To: Valueman who wrote (4991)12/9/1998 8:56:00 AM
From: jopawa  Read Replies (1) | Respond to of 10852
 
Wednesday December 9 2:34 AM ET

Pentagon Says Hughes Gave Too Much Data To China
WASHINGTON (Reuters) - A preliminary Defense Department report found that Hughes Electronics Corp. gave China information potentially damaging to U.S. national security after a Chinese rocket carrying a Hughes-built commercial satellite crashed in 1995, The Washington Post said Wednesday.

The Post quoted administration officials as saying the Pentagon concluded that Hughes ''went well beyond what should have been allowed'' when it told China the crash was caused by problems with the rocket's fairing, a heat-resistant shroud covering the satellite.

One official told the paper that top Pentagon officials wanted additional questions answered before a final report was sent to Congress.

The report was prepared by Air Force Intelligence and the Defense Technology Security Administration at the request of two congressional committees investigating the transfer of sensitive space technology to China.

The Post quoted a Hughes spokesman who said that no one at the company had seen the report but that it stood by earlier statements that it had not transferred any information that China could use to improve its ballistic missiles. Ballistic missiles do not have fairings.
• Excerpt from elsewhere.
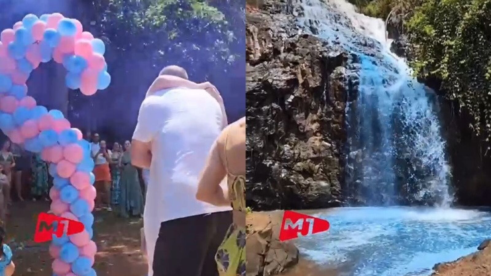 Las pretensiones de los futuros padres llegaron a más e incluso utilizaron colorante para teñir el agua. En los vídeos subidos a las redes sociales, que poco después fueron borrados tras las críticas de algunos usuarios, se puede ver el momento en el que la cascada cambia de color a un tono más azulado. Mientras eso ocurre la pareja y el resto de participantes celebran la noticia con música y abrazos.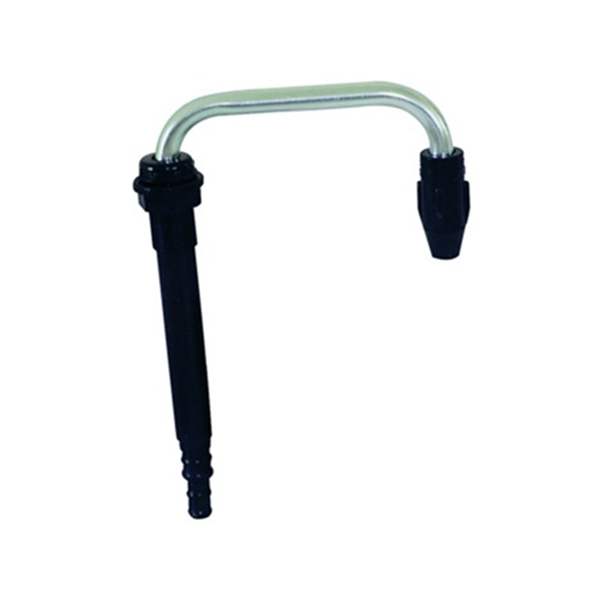 Teleskopisch schwenkbarer Wasserhahn. Schwenkbar um 360°. Mit verstellbarerem Verschluss aus Nylon. Materialien: eloxierte Aluminiumlegierung und Kunststoff. Für Schlauch mit Durchmesser von 10-15 mm. Für die Verwendung mit der Fußpumpe 26951.

Hughes and Loral Space & Communications Ltd (NYSE:LOR - news). are under investigation by the Justice Department and two congressional committees for their role in transferring technology to the Chinese after satellites belonging to Hughes and Loral were destroyed in two Chinese rocket explosions.

The Hughes satellite was to have been launched into space in 1995, but the Chinese Long March rocket carrying it exploded only seconds after takeoff, prompting Chinese officials to blame the satellite.

Hughes asked for and received permission from the Commerce Department to discuss its views on what happened, although the company was told to be careful not to disclose rocketry data that could assist Beijing in developing military missiles.

Hughes says its conversations with the Chinese were very general.